Микеле посмотрел на Луизу и понял все: ее грусть в Неаполе подтвердила подозрения, которые родились в нем при виде ее счастья в Салерно.

В эту минуту Луиза услышала шаги в коридоре, соединяющем два дома. Но эти шаги не старались приглушить. Она подняла голову и с беспокойством прислушалась. В том положении, в котором она сейчас находилась, все вселяло тревогу.

Но вот раздался стук в дверь и послышался голос герцогини Фуско:

— Луиза, дорогая, вы у себя?

— Да, да! Входите, входите же! — воскликнула Луиза.

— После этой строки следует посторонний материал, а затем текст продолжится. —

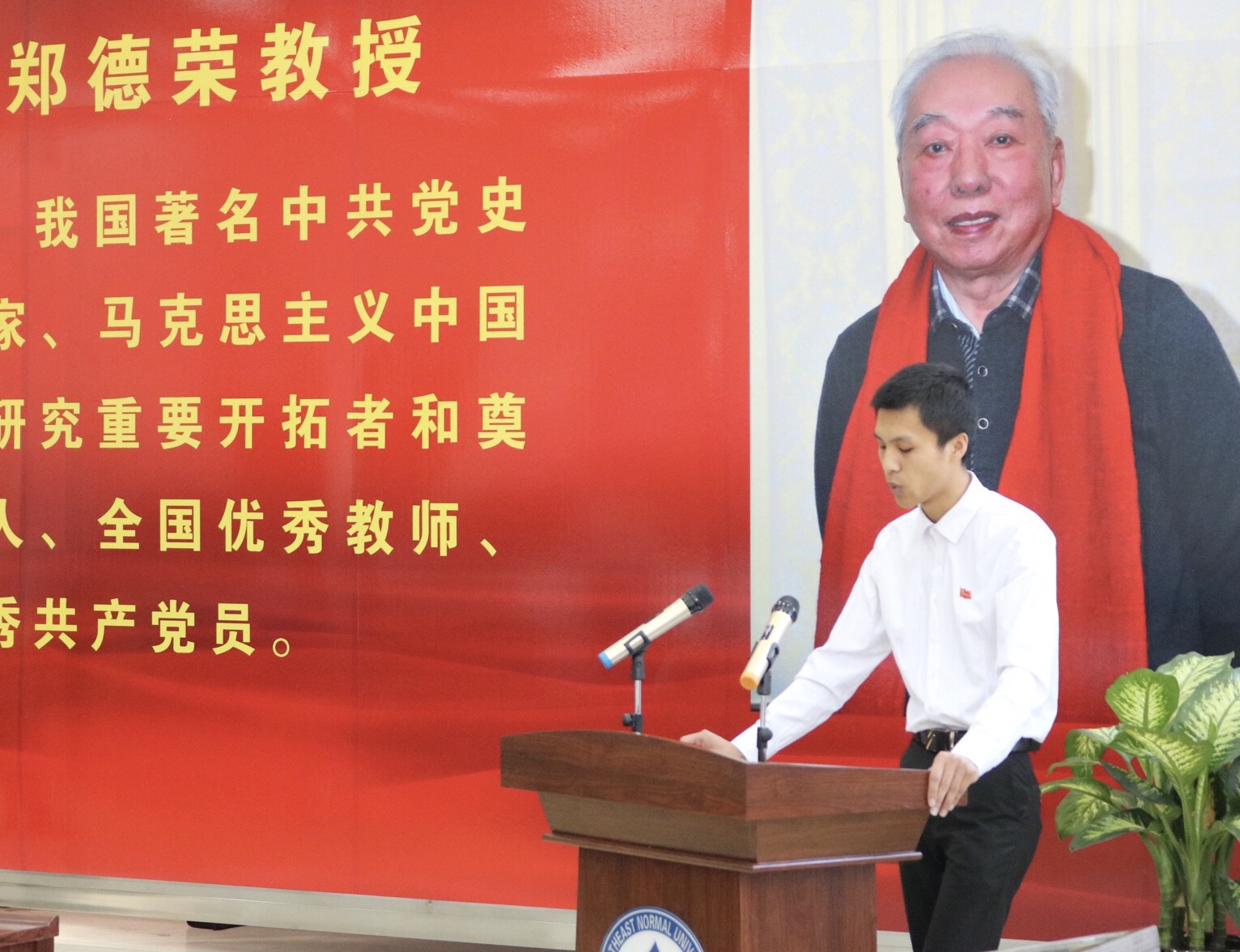 学生党员代表刘强以“伟大”二字入手,通过缅怀伟大、致敬伟大、走向伟大和问鼎伟大四个层次告诉我们在中国共产党成立97周年的当今,更应学习郑德荣先生风范,承担起中华民族伟大复兴这一使命。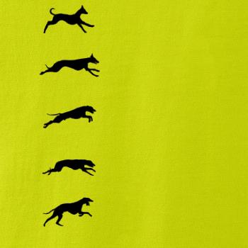Chrti na tričku v pohybu. Od shora až dolu

Герцогиня вошла, Микеле хотел подняться, но рука Луизы удержала его.

— Что вы здесь делаете, моя прелестная Луиза, — спросила герцогиня, — одна и почти в темноте вместе со своим молочным братом, тогда как у меня вам готовится триумф?

— Триумф, у вас, дорогая Амелия? — спросила Луиза, крайне удивленная. — А по какому поводу?

— Как? По поводу того, что произошло Не правда ли, ведь это вы раскрыли заговор, угрожавший всем нам, и, к тому же, как говорят, спасли не только нас, но и отечество!

— Ах, значит, и вы, Амелия, вы тоже могли поверить, что я способна на подобное бесчестье! — зарыдала Луиза.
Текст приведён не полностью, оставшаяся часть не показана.